## [Task goal]
Exact copies of the lines from the one with "Enter the payment" through the last line of the entries, and no pictures, make up the answer.
===== Records for processing =====
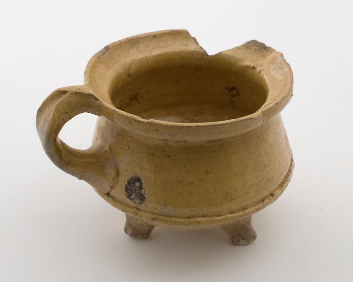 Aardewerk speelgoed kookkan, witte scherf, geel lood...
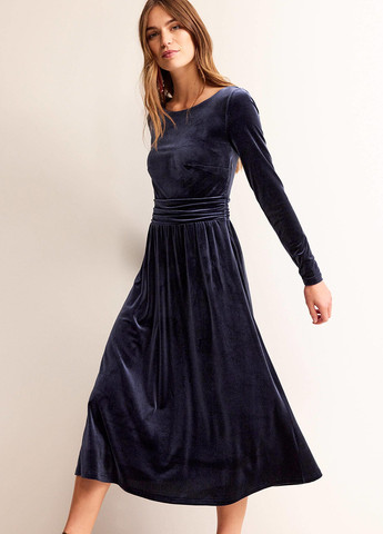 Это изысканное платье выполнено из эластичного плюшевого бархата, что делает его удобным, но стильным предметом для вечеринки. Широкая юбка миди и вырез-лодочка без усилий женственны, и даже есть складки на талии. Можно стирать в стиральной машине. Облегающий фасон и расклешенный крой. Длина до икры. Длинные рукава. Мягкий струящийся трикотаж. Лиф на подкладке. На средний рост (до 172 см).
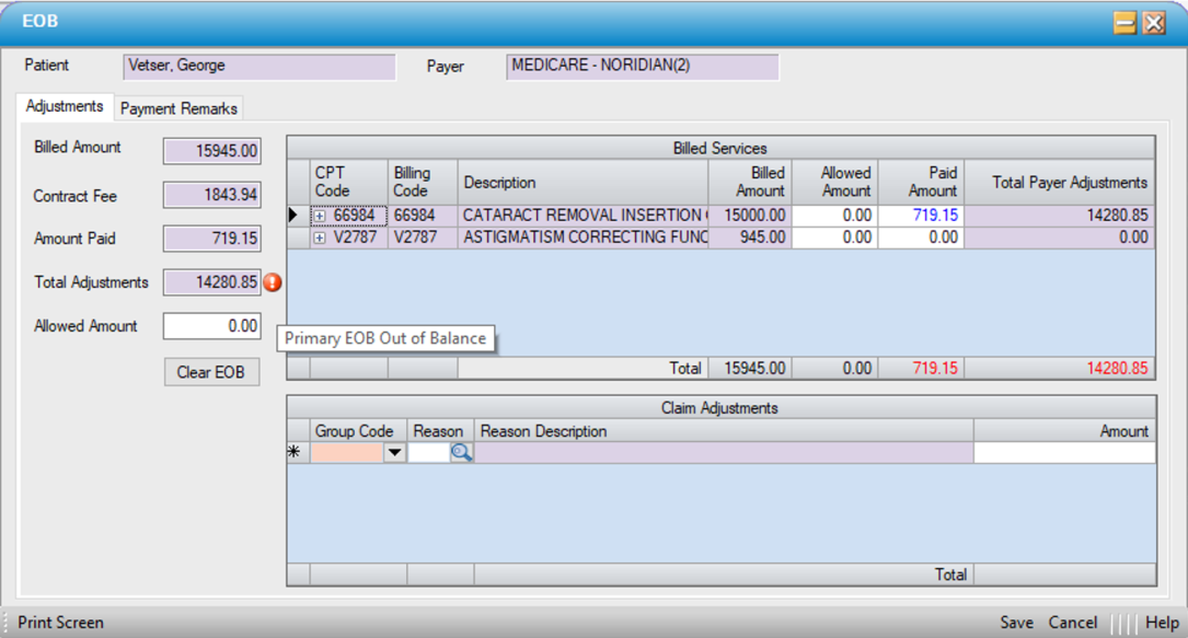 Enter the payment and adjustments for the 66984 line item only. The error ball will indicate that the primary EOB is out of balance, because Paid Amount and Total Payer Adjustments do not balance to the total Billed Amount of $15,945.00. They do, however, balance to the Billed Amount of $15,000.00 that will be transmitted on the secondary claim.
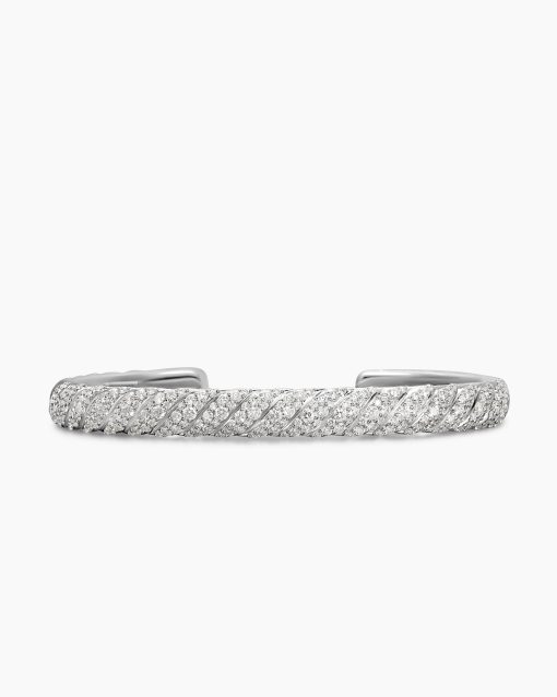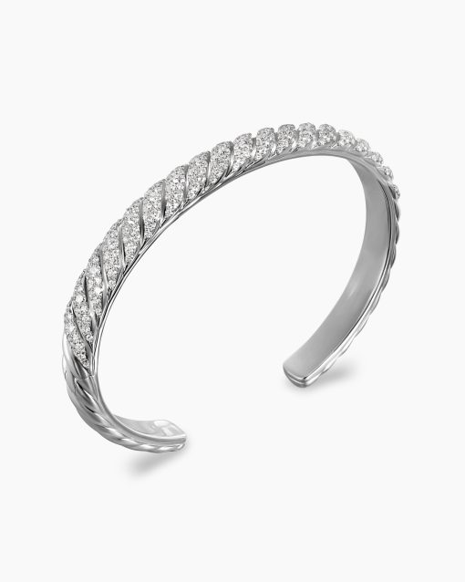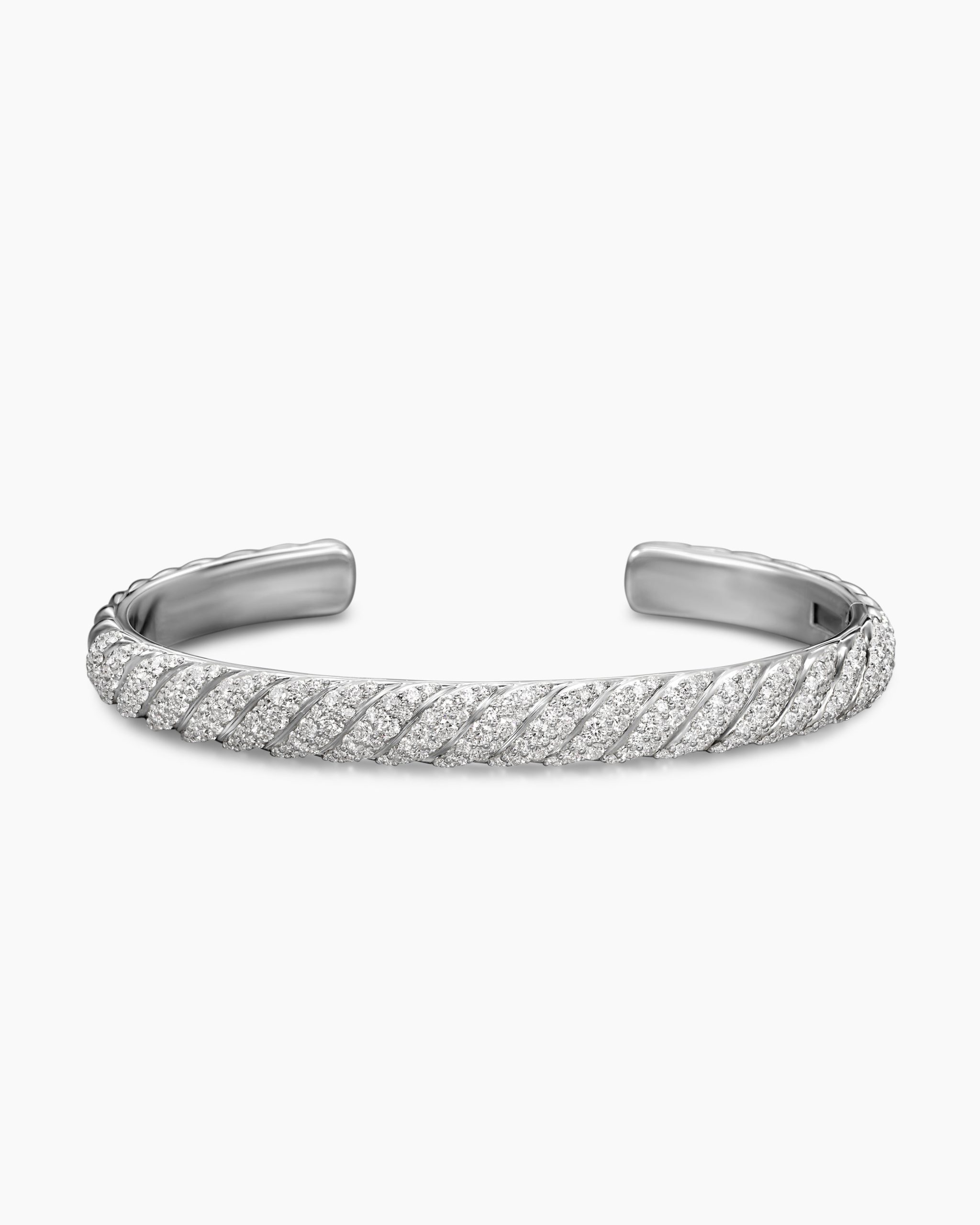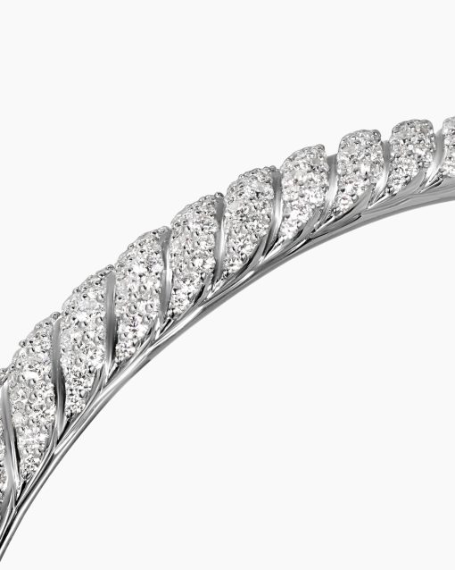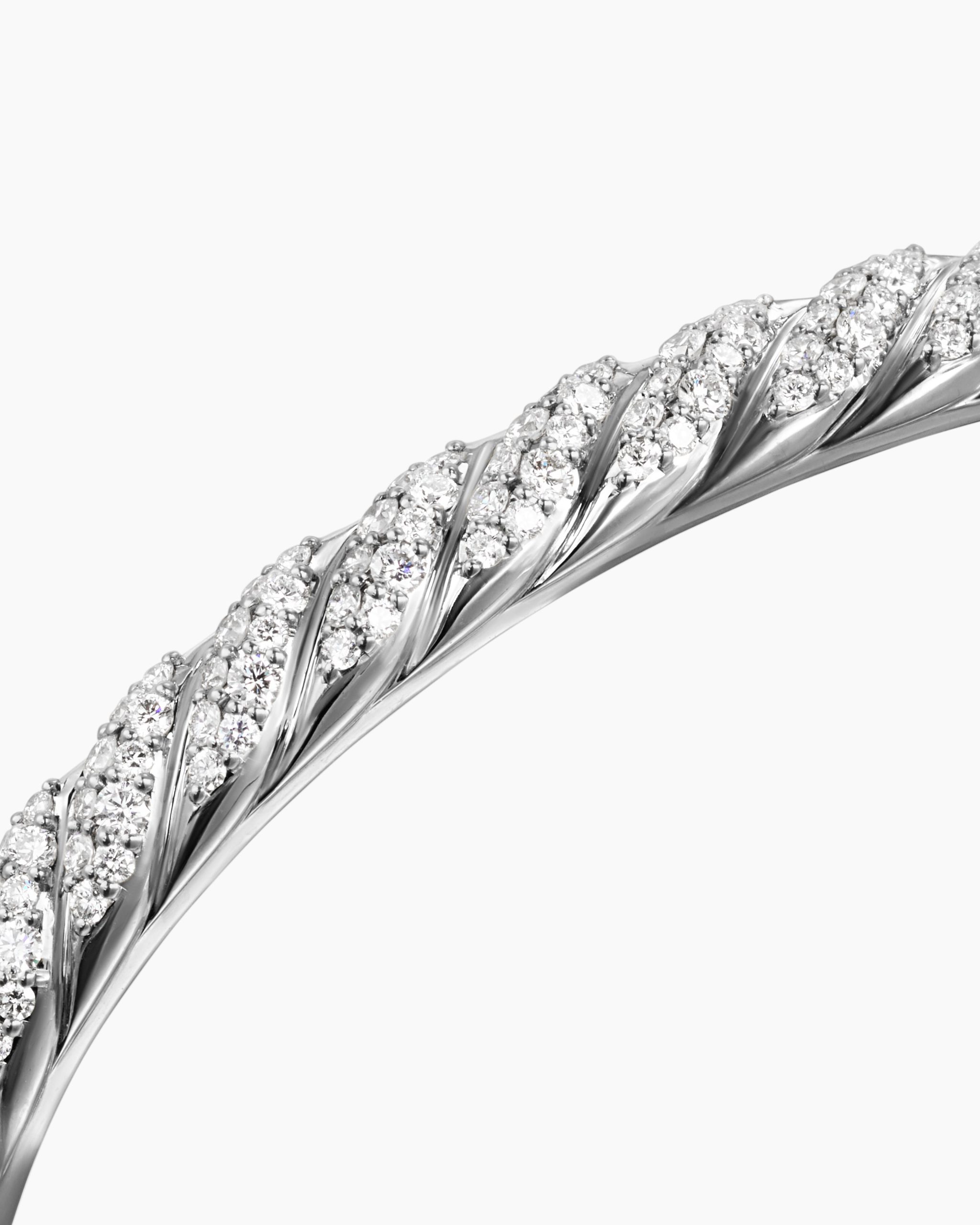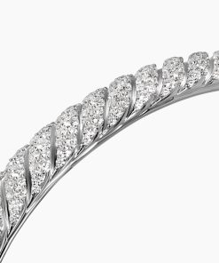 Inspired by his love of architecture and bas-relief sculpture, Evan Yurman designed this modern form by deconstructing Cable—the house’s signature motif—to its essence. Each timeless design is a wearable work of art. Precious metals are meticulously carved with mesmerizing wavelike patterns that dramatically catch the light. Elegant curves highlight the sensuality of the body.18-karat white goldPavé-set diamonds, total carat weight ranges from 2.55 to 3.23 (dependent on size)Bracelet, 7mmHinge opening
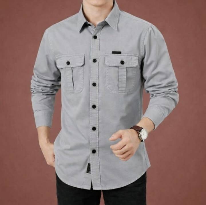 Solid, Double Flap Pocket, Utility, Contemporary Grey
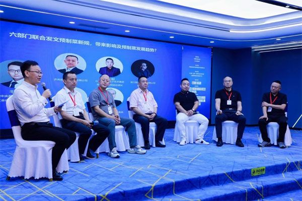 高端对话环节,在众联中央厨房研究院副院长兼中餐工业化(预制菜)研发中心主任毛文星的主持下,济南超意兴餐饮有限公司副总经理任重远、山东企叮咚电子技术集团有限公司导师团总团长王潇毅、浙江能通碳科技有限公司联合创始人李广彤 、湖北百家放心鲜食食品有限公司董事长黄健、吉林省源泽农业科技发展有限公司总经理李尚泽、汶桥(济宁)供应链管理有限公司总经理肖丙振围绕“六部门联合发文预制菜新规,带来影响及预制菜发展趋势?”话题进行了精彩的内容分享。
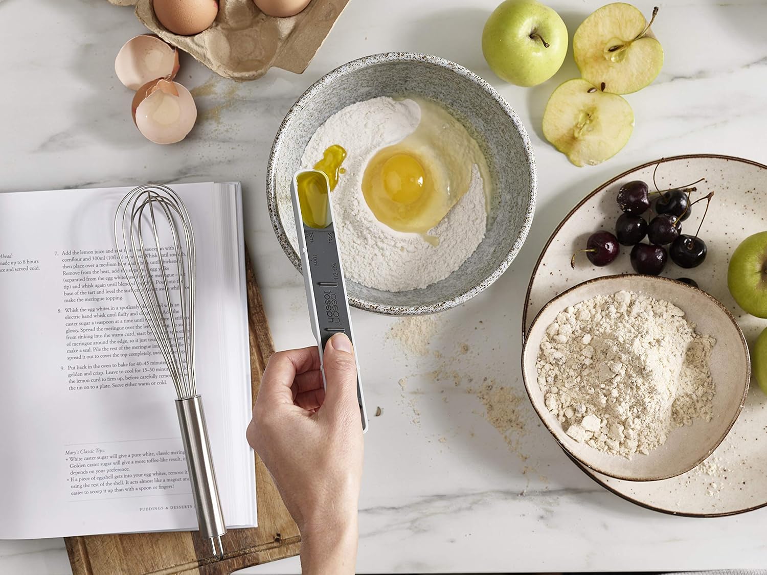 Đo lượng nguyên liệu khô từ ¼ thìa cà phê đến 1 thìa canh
=====
## [Response to this exercise]
 Enter the payment and adjustments for the 66984 line item only. The error ball will indicate that the primary EOB is out of balance, because Paid Amount and Total Payer Adjustments do not balance to the total Billed Amount of $15,945.00. They do, however, balance to the Billed Amount of $15,000.00 that will be transmitted on the secondary claim.
 Inspired by his love of architecture and bas-relief sculpture, Evan Yurman designed this modern form by deconstructing Cable—the house’s signature motif—to its essence. Each timeless design is a wearable work of art. Precious metals are meticulously carved with mesmerizing wavelike patterns that dramatically catch the light. Elegant curves highlight the sensuality of the body.18-karat white goldPavé-set diamonds, total carat weight ranges from 2.55 to 3.23 (dependent on size)Bracelet, 7mmHinge opening
 Solid, Double Flap Pocket, Utility, Contemporary Grey
 高端对话环节,在众联中央厨房研究院副院长兼中餐工业化(预制菜)研发中心主任毛文星的主持下,济南超意兴餐饮有限公司副总经理任重远、山东企叮咚电子技术集团有限公司导师团总团长王潇毅、浙江能通碳科技有限公司联合创始人李广彤 、湖北百家放心鲜食食品有限公司董事长黄健、吉林省源泽农业科技发展有限公司总经理李尚泽、汶桥(济宁)供应链管理有限公司总经理肖丙振围绕“六部门联合发文预制菜新规,带来影响及预制菜发展趋势?”话题进行了精彩的内容分享。
 Đo lượng nguyên liệu khô từ ¼ thìa cà phê đến 1 thìa canh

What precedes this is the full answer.